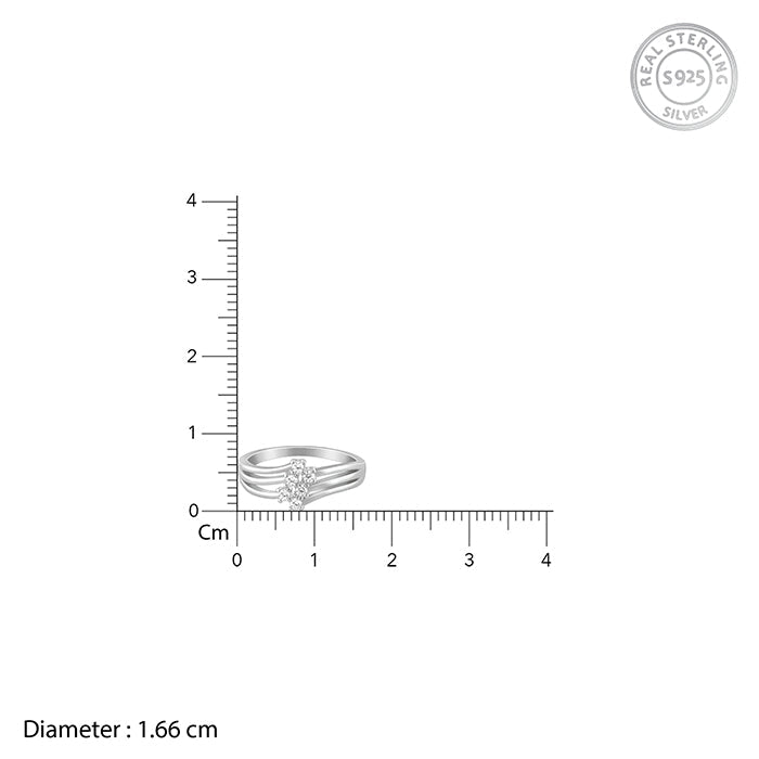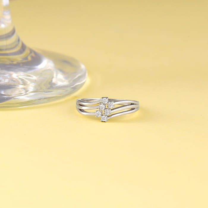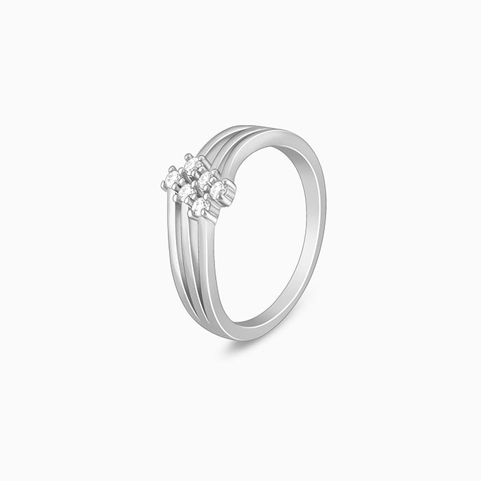 This silver ring features a connection of three lines on both sides with their ends sporting zircons.
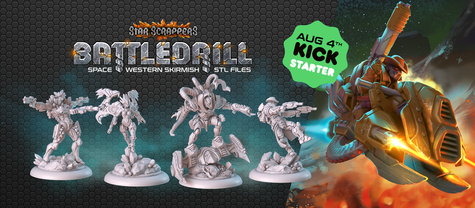 https://www.kickstarter.com/projects/hexy/starscrappers-battledrill-3d-printable-skirmish-stl
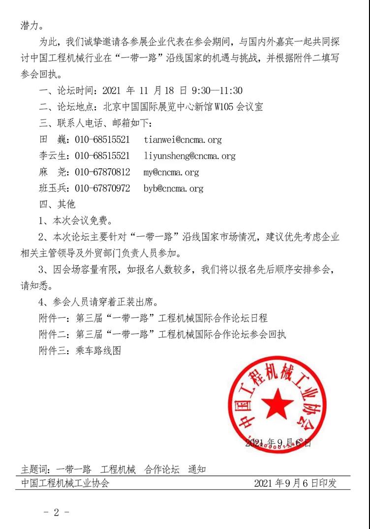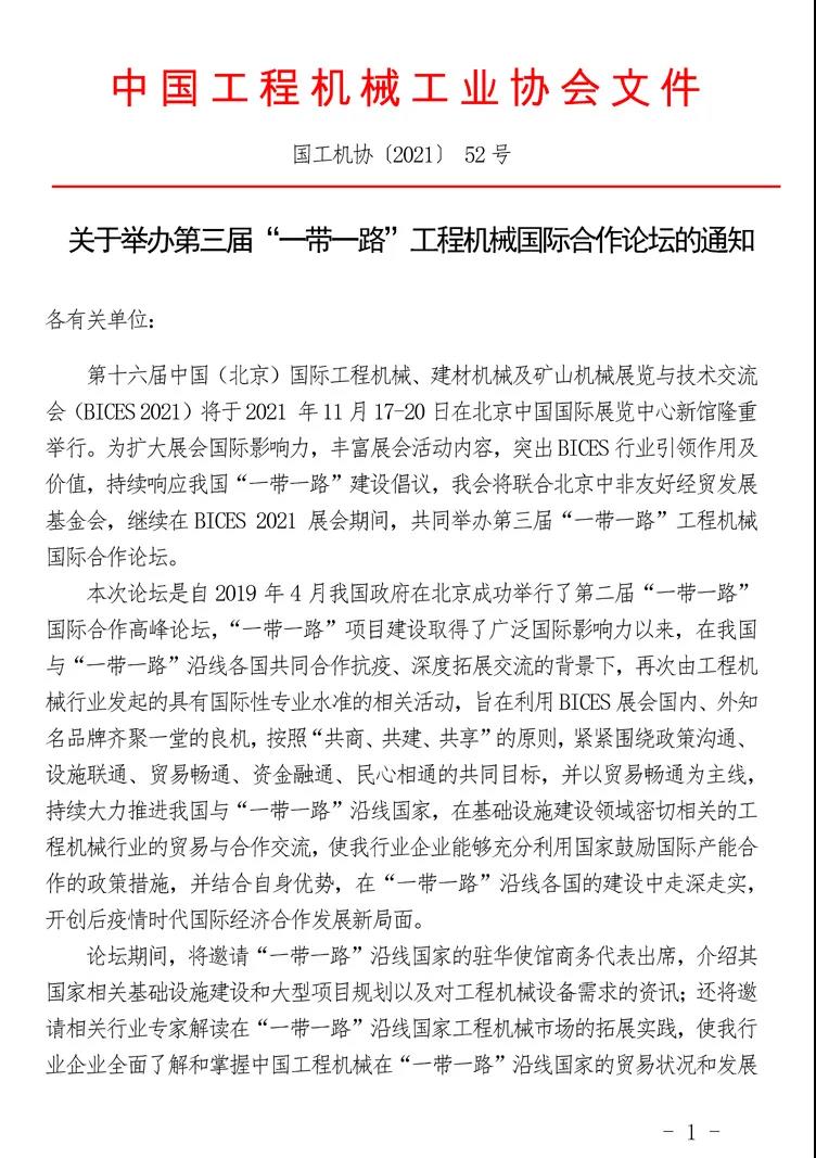 关于举办第三届“一带一路”工程机械国际合作论坛的通知

- - -

### [REQUIRED ACTION]
Images are to be left out; everything else in the material must be written out exactly.

### [COMPLETED TASK]
 This silver ring features a connection of three lines on both sides with their ends sporting zircons.
 https://www.kickstarter.com/projects/hexy/starscrappers-battledrill-3d-printable-skirmish-stl
 关于举办第三届“一带一路”工程机械国际合作论坛的通知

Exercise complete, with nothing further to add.